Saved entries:
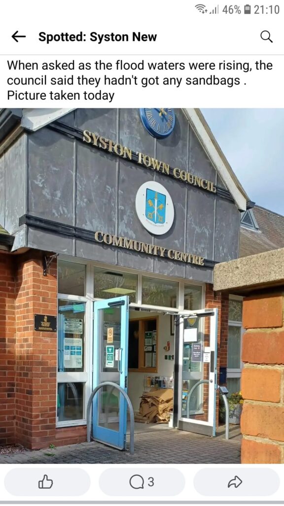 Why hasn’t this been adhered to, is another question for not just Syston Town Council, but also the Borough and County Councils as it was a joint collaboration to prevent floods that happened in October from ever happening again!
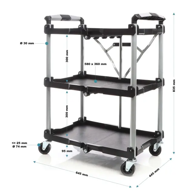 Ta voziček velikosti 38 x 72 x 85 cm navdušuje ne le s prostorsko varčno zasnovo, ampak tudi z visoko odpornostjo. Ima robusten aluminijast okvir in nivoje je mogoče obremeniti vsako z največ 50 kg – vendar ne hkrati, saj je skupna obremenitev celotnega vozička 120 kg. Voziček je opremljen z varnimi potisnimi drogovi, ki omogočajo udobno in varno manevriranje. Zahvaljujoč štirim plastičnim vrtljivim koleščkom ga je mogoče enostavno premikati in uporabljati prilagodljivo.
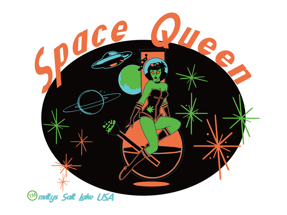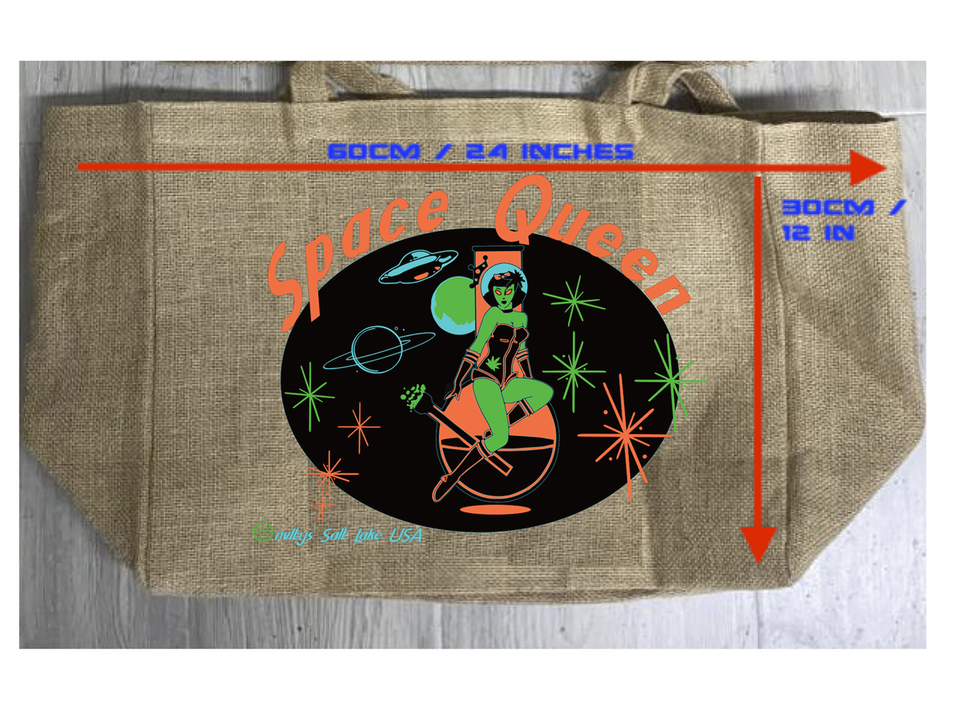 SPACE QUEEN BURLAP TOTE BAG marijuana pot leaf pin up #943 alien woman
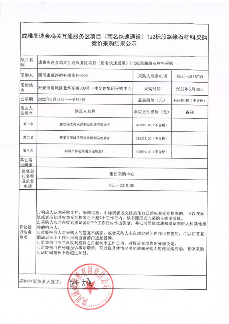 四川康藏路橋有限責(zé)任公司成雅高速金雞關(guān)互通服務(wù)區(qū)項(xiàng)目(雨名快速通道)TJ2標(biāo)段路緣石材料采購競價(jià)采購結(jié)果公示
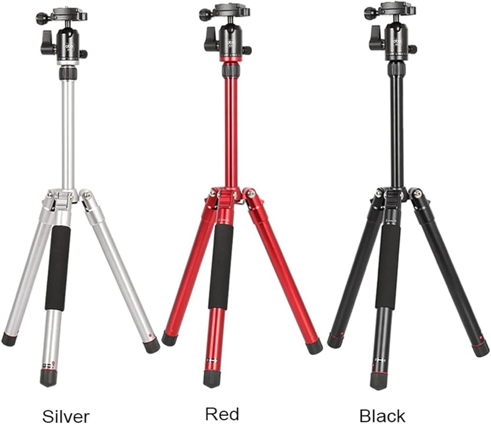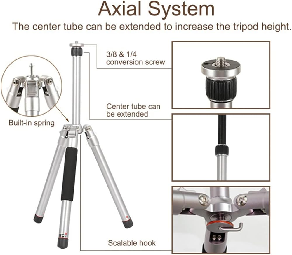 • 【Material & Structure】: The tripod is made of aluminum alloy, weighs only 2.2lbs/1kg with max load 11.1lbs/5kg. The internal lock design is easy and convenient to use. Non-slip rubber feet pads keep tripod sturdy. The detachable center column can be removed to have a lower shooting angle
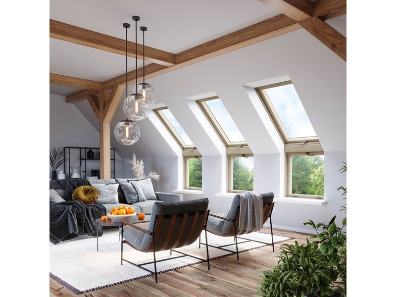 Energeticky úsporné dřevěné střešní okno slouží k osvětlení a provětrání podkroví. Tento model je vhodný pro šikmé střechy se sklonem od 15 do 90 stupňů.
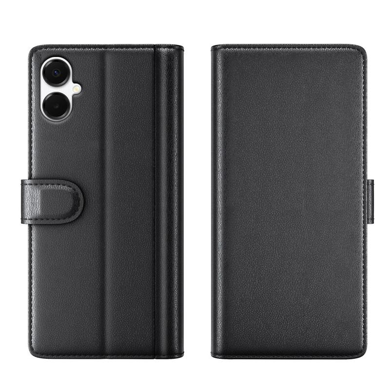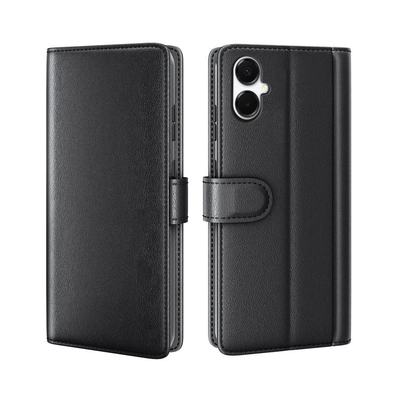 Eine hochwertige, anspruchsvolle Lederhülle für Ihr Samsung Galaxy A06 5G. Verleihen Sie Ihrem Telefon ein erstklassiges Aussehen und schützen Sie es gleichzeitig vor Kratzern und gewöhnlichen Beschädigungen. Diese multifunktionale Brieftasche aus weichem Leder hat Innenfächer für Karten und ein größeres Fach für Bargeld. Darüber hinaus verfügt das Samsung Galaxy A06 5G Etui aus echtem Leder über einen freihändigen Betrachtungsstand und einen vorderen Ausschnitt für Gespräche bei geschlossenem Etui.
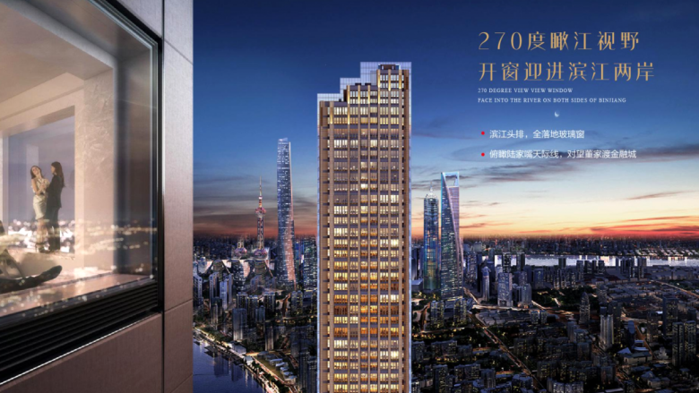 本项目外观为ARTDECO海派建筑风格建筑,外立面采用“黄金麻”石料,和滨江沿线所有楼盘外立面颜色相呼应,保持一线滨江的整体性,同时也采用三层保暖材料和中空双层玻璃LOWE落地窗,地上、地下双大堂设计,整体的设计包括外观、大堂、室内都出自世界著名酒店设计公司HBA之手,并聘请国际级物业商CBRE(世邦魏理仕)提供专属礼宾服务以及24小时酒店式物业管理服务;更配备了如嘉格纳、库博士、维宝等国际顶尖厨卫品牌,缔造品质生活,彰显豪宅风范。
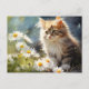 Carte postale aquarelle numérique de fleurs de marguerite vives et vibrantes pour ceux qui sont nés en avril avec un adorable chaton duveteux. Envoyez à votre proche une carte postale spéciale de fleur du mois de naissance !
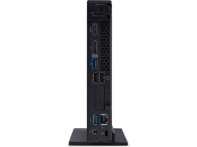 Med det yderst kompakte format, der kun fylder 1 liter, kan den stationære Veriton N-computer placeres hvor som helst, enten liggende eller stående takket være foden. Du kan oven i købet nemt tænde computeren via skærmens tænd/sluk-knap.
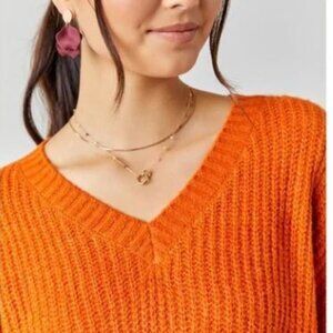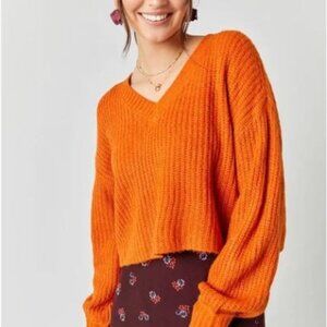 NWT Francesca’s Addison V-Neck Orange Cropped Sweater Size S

→ Problem
Only the entries themselves should be output, word for word, with all pictures omitted.

→ The completed task
 Why hasn’t this been adhered to, is another question for not just Syston Town Council, but also the Borough and County Councils as it was a joint collaboration to prevent floods that happened in October from ever happening again!
 Ta voziček velikosti 38 x 72 x 85 cm navdušuje ne le s prostorsko varčno zasnovo, ampak tudi z visoko odpornostjo. Ima robusten aluminijast okvir in nivoje je mogoče obremeniti vsako z največ 50 kg – vendar ne hkrati, saj je skupna obremenitev celotnega vozička 120 kg. Voziček je opremljen z varnimi potisnimi drogovi, ki omogočajo udobno in varno manevriranje. Zahvaljujoč štirim plastičnim vrtljivim koleščkom ga je mogoče enostavno premikati in uporabljati prilagodljivo.
 SPACE QUEEN BURLAP TOTE BAG marijuana pot leaf pin up #943 alien woman
 四川康藏路橋有限責(zé)任公司成雅高速金雞關(guān)互通服務(wù)區(qū)項(xiàng)目(雨名快速通道)TJ2標(biāo)段路緣石材料采購競價(jià)采購結(jié)果公示
 • 【Material & Structure】: The tripod is made of aluminum alloy, weighs only 2.2lbs/1kg with max load 11.1lbs/5kg. The internal lock design is easy and convenient to use. Non-slip rubber feet pads keep tripod sturdy. The detachable center column can be removed to have a lower shooting angle
 Energeticky úsporné dřevěné střešní okno slouží k osvětlení a provětrání podkroví. Tento model je vhodný pro šikmé střechy se sklonem od 15 do 90 stupňů.
 Eine hochwertige, anspruchsvolle Lederhülle für Ihr Samsung Galaxy A06 5G. Verleihen Sie Ihrem Telefon ein erstklassiges Aussehen und schützen Sie es gleichzeitig vor Kratzern und gewöhnlichen Beschädigungen. Diese multifunktionale Brieftasche aus weichem Leder hat Innenfächer für Karten und ein größeres Fach für Bargeld. Darüber hinaus verfügt das Samsung Galaxy A06 5G Etui aus echtem Leder über einen freihändigen Betrachtungsstand und einen vorderen Ausschnitt für Gespräche bei geschlossenem Etui.
 本项目外观为ARTDECO海派建筑风格建筑,外立面采用“黄金麻”石料,和滨江沿线所有楼盘外立面颜色相呼应,保持一线滨江的整体性,同时也采用三层保暖材料和中空双层玻璃LOWE落地窗,地上、地下双大堂设计,整体的设计包括外观、大堂、室内都出自世界著名酒店设计公司HBA之手,并聘请国际级物业商CBRE(世邦魏理仕)提供专属礼宾服务以及24小时酒店式物业管理服务;更配备了如嘉格纳、库博士、维宝等国际顶尖厨卫品牌,缔造品质生活,彰显豪宅风范。
 Carte postale aquarelle numérique de fleurs de marguerite vives et vibrantes pour ceux qui sont nés en avril avec un adorable chaton duveteux. Envoyez à votre proche une carte postale spéciale de fleur du mois de naissance !
 Med det yderst kompakte format, der kun fylder 1 liter, kan den stationære Veriton N-computer placeres hvor som helst, enten liggende eller stående takket være foden. Du kan oven i købet nemt tænde computeren via skærmens tænd/sluk-knap.
 NWT Francesca’s Addison V-Neck Orange Cropped Sweater Size S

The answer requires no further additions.